§ Work request: Filter these records by the string "calabazo", copying each line that holds it.
====== Data for the task ======
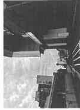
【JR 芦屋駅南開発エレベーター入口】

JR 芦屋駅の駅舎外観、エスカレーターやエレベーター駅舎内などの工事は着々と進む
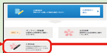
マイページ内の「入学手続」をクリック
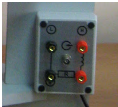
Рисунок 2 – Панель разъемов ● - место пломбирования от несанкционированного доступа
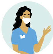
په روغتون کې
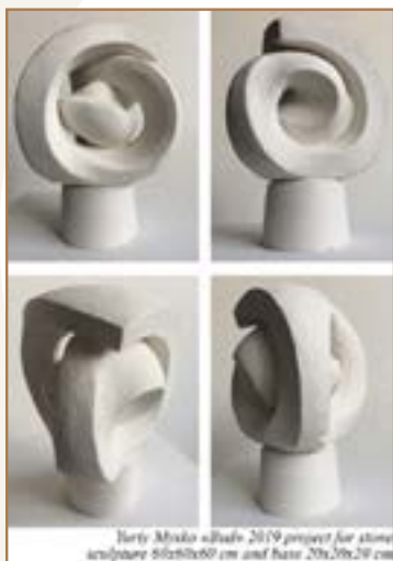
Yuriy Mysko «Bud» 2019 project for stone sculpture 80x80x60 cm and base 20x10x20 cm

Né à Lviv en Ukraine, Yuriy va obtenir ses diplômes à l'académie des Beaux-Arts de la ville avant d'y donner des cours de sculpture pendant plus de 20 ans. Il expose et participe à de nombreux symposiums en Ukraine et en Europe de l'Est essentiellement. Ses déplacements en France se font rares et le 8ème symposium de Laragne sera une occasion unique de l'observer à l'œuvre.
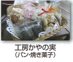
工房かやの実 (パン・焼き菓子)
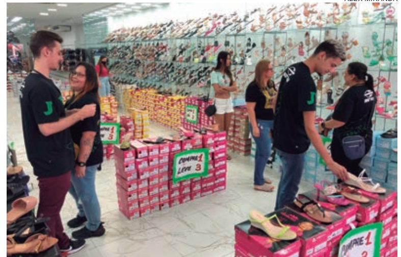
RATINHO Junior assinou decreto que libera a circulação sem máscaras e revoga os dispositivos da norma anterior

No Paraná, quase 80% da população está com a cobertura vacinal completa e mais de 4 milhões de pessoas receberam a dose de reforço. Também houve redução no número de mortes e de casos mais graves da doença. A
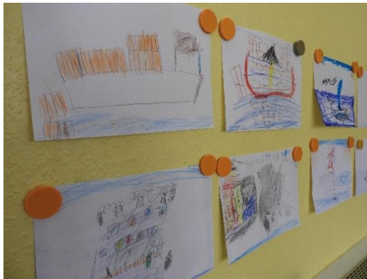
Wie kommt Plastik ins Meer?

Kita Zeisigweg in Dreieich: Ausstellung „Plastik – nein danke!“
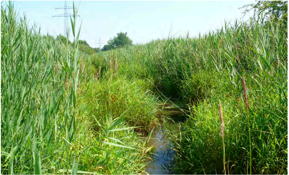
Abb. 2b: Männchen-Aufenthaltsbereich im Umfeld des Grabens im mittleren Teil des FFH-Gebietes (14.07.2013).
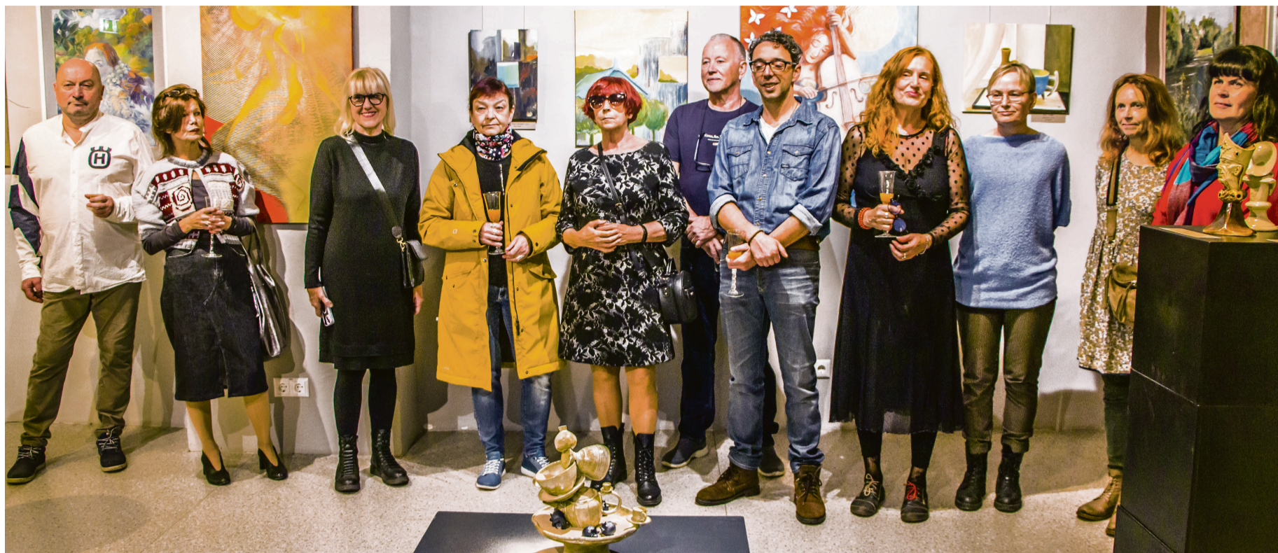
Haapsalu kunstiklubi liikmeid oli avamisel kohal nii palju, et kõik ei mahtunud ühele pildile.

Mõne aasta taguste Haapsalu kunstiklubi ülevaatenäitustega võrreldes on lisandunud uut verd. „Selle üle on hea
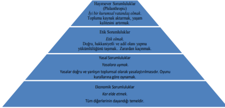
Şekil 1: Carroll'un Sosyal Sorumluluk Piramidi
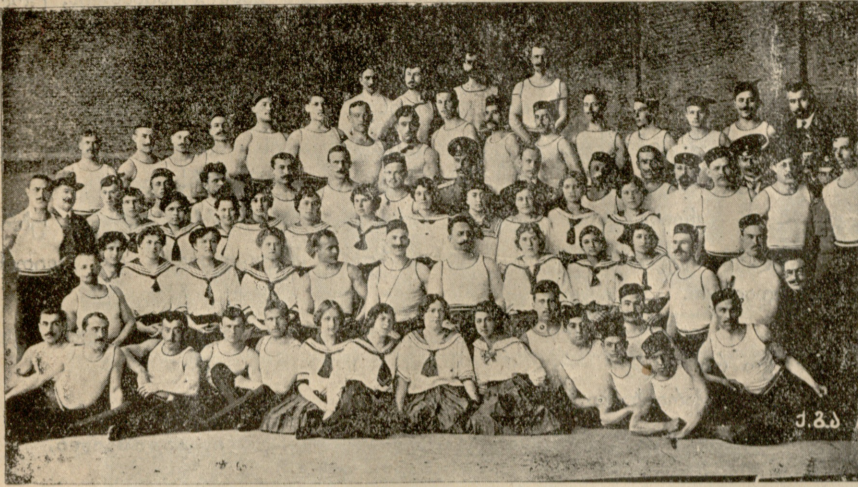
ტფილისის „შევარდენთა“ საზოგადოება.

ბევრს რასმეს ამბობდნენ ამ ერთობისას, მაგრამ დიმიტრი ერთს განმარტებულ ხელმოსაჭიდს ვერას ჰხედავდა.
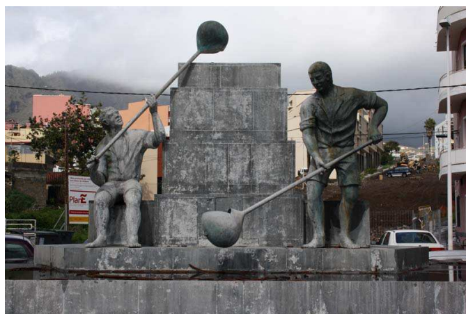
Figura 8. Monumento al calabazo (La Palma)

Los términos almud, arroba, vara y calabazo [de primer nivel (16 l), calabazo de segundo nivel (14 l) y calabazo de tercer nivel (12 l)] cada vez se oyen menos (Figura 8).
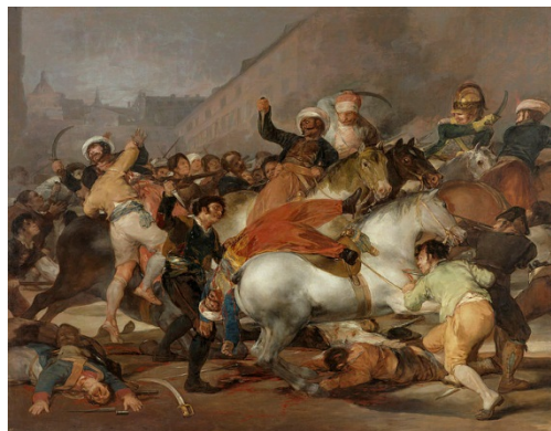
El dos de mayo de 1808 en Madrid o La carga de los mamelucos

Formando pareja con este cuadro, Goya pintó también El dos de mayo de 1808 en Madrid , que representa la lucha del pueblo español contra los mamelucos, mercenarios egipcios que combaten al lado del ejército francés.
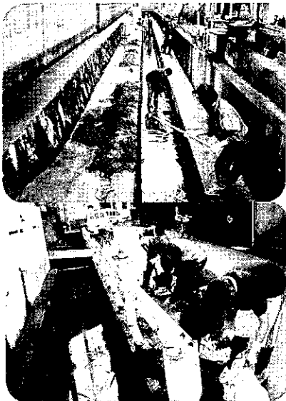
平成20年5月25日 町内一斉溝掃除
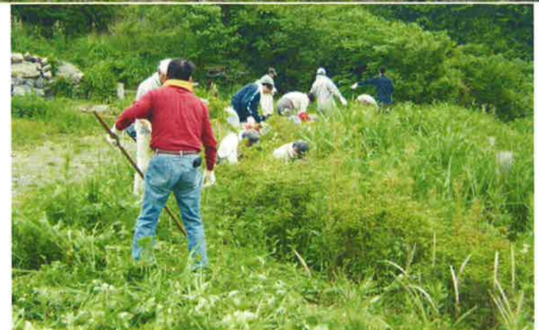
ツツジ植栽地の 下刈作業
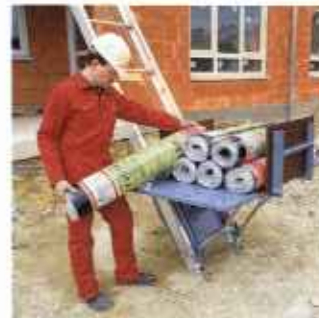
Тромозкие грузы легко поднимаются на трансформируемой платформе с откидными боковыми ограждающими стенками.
======
§ Solution to this task:
Figura 8. Monumento al calabazo (La Palma)
Los términos almud, arroba, vara y calabazo [de primer nivel (16 l), calabazo de segundo nivel (14 l) y calabazo de tercer nivel (12 l)] cada vez se oyen menos (Figura 8).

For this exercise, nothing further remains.